- First Unitarian Church of Honolulu
- 21°19.799′N 157°50.678′W﻿ / ﻿21.329983°N 157.844633°W
- Address: 2500 Pali Highway, Honolulu, Hawaii
- Country: USA
- Denomination: Unitarian Universalist
- Website: uuhonolulu.org

History
- Founded: 1952

= First Unitarian Church of Honolulu =

The First Unitarian Church of Honolulu is the largest Hawaii-based congregation within the Unitarian Universalist Association. It is located at 2500 Pali Highway in the Nu'uanu Valley.

The congregation was founded in 1952 as a lay fellowship. The fellowship was unusual for its time because its leadership consisted of women (Rosemary Mattson as chairwoman and Ruth Iams as program director) and because it made efforts to engage in interfaith dialogue with Jewish and Buddhist congregations in Honolulu.

In September 1969, the church made national headlines when it offered refuge to U.S. service members protesting the war in Vietnam. The service members were arrested by military police within the church grounds. The resulting action brought about an unsuccessful lawsuit filed by the church against the military - Bridges v. Davis, 443 F.2d 970 (9th Cir., 1971). The private memorial service for Madelyn Dunham, grandmother of US President Barack Obama, was held there in December 2008. It is also where President Obama attended Sunday School during his youth.

A new mission statement was adopted on April 15, 2012, to "boldly grow compassion, justice, and joy."

==Leaders==
The Rev.
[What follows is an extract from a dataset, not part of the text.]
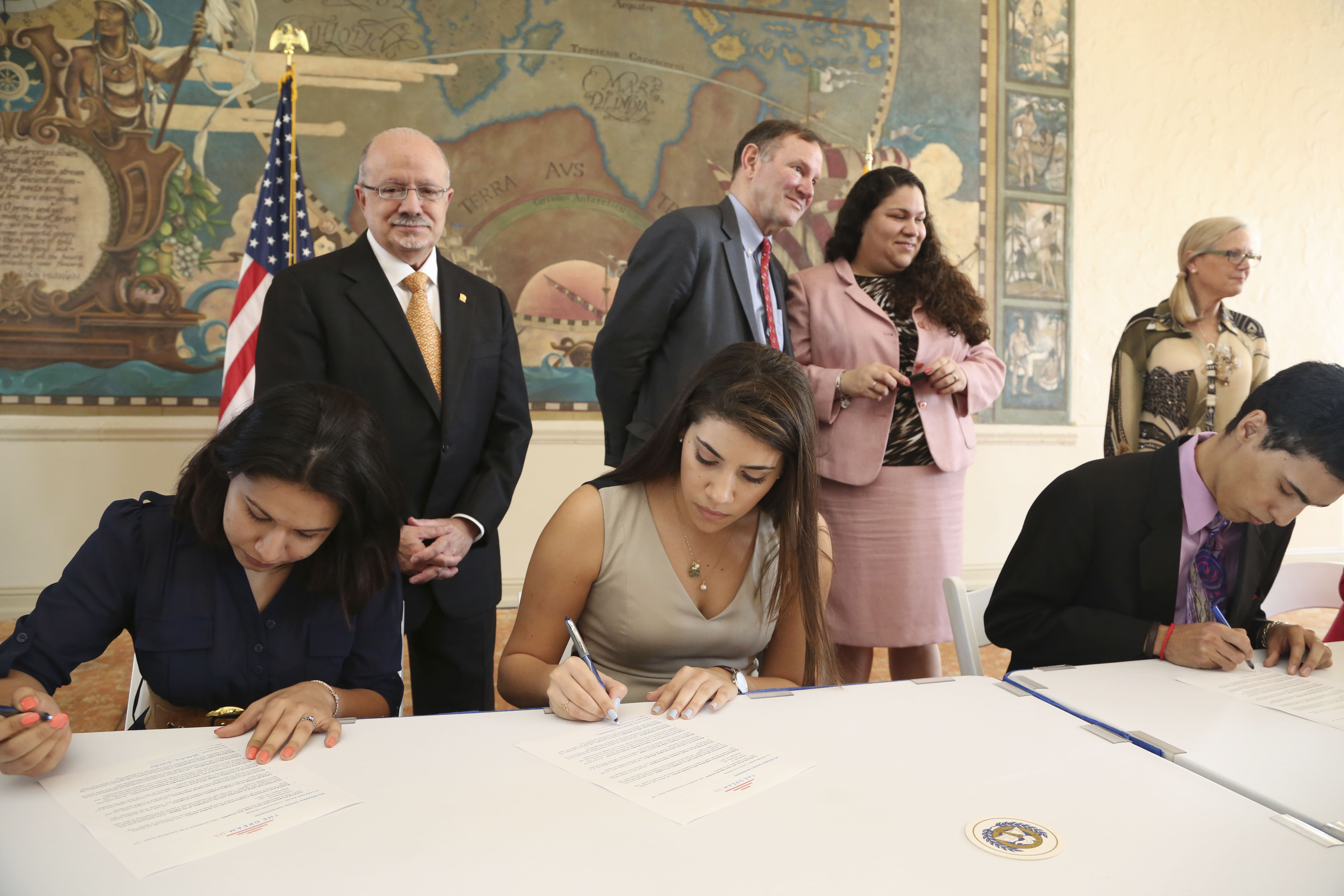 PHOTO: MDC DREAMer students sign their scholarship agreements while MDC President Dr. Eduardo J. Padrón, TheDream.Us founder Donald E. Graham, DREAMer Gaby Pacheco and TheDream.Us President Candy Marshall look on.
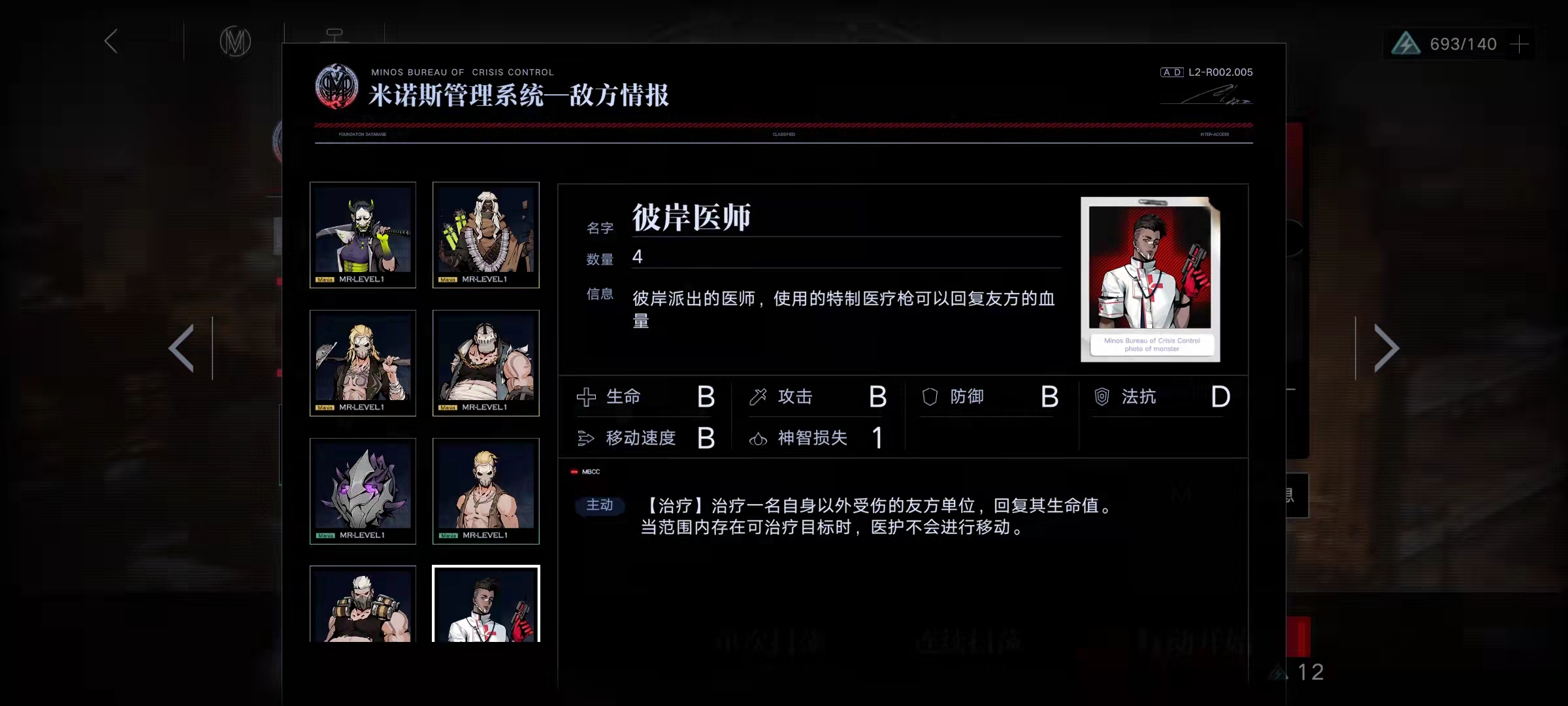 彼岸醫(yī)師,和幫派打手·精英一樣,數(shù)值較為平衡,在單兵作戰(zhàn)的時候他并不是什么難纏的敵人,只不過他的主動技能治療可以恢復(fù)攻擊范圍內(nèi)友方單位的生命值,而且在治療的時候他就會停下腳步不再移動,這也就意味著他很可能會成為敵方的固定泉水,要及時的將他處理掉,不然一直放任他恢復(fù)生命值會浪費(fèi)我方禁閉者的輸出。

Gene Bridges served the church from 1962 to 1970, responding to Rev. Dr. Martin Luther King, Jr.'s call to march from Selma to Alabama during the Civil Rights era.

The Rev. Mike Young was the church's minister from 1995 until 2009. After his retirement, the church went through a 2-year interim period, first under the Rev. Louise Ulrich from 2009 to 2010, then under the Rev. Leland Bond-Upson from 2010 to 2011.

The Rev. Doctor Jonipher Kūpono Kwong was called April 10, 2011. He began serving as minister as of August 15, 2011. Kwong is the church's first openly gay and first Asian-American minister since establishment. The Rev. Doctor Jonipher Kūpono Kwong resigned as minister June 30, 2015. Rev. T.J.FitzGerald served the church for five years before being called to the First Unitarian Church of Dallas. Rev. Dr. Gregory C. Carrow‑Boyd served the church from 2023- 2025.

Rev. Deborah Bond-Upson is the current minister of the church.